[Entries taken from a collection]
○ ○ ○

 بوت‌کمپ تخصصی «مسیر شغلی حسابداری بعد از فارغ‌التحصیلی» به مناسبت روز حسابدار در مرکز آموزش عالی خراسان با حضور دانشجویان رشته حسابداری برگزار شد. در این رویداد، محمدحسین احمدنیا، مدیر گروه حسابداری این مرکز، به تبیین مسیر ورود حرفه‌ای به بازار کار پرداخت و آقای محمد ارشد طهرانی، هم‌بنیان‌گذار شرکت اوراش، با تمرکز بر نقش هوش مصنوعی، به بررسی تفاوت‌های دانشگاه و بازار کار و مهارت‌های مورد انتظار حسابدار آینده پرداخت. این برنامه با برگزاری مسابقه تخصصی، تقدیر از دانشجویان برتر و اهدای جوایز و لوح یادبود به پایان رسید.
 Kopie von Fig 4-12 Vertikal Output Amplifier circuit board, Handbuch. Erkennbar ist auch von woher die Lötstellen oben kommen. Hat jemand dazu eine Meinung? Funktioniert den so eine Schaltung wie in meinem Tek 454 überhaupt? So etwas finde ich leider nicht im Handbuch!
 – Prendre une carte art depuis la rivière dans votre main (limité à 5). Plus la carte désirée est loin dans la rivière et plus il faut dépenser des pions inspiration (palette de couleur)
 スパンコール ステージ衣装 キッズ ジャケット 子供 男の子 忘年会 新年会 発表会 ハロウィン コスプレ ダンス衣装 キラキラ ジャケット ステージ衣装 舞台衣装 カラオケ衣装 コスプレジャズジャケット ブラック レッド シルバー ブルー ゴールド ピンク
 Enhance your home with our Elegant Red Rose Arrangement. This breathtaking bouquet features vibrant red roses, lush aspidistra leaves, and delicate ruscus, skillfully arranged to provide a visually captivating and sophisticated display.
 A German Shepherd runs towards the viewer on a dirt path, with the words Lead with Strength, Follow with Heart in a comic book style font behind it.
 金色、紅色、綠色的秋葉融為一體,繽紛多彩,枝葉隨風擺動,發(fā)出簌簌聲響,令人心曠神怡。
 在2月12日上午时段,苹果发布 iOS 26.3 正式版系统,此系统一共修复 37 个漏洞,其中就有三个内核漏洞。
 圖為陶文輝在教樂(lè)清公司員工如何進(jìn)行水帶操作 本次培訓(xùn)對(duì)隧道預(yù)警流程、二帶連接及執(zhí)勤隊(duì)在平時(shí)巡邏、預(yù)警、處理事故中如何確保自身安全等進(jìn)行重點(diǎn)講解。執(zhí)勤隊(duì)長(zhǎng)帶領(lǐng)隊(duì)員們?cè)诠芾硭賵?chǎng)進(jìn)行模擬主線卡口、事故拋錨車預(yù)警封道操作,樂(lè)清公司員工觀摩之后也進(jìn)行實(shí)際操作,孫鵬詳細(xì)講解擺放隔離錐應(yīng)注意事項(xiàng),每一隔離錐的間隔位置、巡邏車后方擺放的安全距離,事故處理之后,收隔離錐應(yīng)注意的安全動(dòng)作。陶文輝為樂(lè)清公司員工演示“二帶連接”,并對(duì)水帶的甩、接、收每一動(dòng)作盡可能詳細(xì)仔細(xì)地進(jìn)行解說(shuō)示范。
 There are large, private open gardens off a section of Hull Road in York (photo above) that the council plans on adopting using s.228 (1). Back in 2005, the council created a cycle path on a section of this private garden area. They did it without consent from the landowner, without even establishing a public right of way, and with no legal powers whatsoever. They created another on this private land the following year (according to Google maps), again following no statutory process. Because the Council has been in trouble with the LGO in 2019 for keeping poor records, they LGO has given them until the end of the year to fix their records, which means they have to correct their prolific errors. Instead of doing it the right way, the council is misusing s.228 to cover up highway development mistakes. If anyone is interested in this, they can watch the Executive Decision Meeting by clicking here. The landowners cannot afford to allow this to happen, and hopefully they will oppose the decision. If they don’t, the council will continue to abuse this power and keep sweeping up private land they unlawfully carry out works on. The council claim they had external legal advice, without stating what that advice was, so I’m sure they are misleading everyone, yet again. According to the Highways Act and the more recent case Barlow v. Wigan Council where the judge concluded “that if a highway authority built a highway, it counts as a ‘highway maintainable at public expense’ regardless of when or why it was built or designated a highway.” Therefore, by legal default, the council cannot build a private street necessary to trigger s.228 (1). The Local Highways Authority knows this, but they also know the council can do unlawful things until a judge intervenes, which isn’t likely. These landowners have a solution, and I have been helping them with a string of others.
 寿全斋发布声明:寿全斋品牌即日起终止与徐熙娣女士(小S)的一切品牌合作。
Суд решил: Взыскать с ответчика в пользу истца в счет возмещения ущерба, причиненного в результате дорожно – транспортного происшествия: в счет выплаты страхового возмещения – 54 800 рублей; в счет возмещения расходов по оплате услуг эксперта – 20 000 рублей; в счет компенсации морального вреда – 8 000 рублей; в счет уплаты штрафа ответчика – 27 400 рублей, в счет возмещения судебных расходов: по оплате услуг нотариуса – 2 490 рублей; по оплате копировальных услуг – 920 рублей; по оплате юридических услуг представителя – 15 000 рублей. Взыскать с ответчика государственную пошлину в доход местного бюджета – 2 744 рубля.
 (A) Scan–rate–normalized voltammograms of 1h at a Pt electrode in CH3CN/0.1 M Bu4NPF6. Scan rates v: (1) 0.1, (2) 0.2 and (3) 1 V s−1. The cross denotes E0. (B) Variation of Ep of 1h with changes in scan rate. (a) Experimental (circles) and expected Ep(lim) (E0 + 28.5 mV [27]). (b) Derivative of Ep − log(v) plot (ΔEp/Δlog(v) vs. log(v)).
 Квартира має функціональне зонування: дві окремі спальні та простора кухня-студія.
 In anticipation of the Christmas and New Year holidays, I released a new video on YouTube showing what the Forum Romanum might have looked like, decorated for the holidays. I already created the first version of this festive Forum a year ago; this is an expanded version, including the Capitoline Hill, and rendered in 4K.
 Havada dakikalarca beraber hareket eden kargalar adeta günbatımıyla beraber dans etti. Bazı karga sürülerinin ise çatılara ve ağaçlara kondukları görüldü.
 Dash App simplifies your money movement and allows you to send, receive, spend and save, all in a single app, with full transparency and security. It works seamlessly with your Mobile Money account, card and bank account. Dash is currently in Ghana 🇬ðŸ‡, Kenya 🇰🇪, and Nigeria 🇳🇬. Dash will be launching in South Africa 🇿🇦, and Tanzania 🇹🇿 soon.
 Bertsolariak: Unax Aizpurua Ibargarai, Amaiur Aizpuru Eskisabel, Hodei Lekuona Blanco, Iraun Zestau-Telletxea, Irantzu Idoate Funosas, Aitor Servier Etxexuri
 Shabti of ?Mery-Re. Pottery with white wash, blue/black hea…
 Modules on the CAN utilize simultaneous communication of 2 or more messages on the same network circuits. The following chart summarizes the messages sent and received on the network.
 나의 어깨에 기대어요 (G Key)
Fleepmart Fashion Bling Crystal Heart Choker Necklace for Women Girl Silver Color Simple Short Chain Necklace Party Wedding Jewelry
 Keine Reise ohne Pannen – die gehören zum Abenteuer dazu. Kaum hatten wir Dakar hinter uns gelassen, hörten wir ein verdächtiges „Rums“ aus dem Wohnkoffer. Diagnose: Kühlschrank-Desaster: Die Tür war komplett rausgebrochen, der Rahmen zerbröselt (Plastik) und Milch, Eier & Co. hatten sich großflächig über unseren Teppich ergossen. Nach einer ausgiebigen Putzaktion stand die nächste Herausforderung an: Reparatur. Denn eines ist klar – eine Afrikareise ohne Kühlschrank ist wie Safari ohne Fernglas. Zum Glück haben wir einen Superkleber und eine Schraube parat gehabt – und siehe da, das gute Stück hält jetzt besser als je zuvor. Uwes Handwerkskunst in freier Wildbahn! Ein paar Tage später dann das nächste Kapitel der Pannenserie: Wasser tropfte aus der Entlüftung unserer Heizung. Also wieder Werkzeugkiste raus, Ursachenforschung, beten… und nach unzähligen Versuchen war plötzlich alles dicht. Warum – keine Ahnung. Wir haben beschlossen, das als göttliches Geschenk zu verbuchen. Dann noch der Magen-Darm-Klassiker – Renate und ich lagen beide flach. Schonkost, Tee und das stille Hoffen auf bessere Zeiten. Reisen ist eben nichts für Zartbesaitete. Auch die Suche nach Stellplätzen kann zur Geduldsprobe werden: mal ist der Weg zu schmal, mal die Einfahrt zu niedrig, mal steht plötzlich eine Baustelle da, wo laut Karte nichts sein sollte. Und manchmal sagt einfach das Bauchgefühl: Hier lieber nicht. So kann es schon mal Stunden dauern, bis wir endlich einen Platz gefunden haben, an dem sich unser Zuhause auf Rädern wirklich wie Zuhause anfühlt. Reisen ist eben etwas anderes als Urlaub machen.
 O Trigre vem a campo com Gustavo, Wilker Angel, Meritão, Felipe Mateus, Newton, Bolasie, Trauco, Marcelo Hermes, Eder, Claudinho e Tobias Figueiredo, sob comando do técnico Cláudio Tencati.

○ ○ ○

Stopping at the line containing "(palette de couleur)", please repeat exactly every line from the very start of the entries, that line included, and nothing more.

### Reply
 بوت‌کمپ تخصصی «مسیر شغلی حسابداری بعد از فارغ‌التحصیلی» به مناسبت روز حسابدار در مرکز آموزش عالی خراسان با حضور دانشجویان رشته حسابداری برگزار شد. در این رویداد، محمدحسین احمدنیا، مدیر گروه حسابداری این مرکز، به تبیین مسیر ورود حرفه‌ای به بازار کار پرداخت و آقای محمد ارشد طهرانی، هم‌بنیان‌گذار شرکت اوراش، با تمرکز بر نقش هوش مصنوعی، به بررسی تفاوت‌های دانشگاه و بازار کار و مهارت‌های مورد انتظار حسابدار آینده پرداخت. این برنامه با برگزاری مسابقه تخصصی، تقدیر از دانشجویان برتر و اهدای جوایز و لوح یادبود به پایان رسید.
 Kopie von Fig 4-12 Vertikal Output Amplifier circuit board, Handbuch. Erkennbar ist auch von woher die Lötstellen oben kommen. Hat jemand dazu eine Meinung? Funktioniert den so eine Schaltung wie in meinem Tek 454 überhaupt? So etwas finde ich leider nicht im Handbuch!
 – Prendre une carte art depuis la rivière dans votre main (limité à 5). Plus la carte désirée est loin dans la rivière et plus il faut dépenser des pions inspiration (palette de couleur)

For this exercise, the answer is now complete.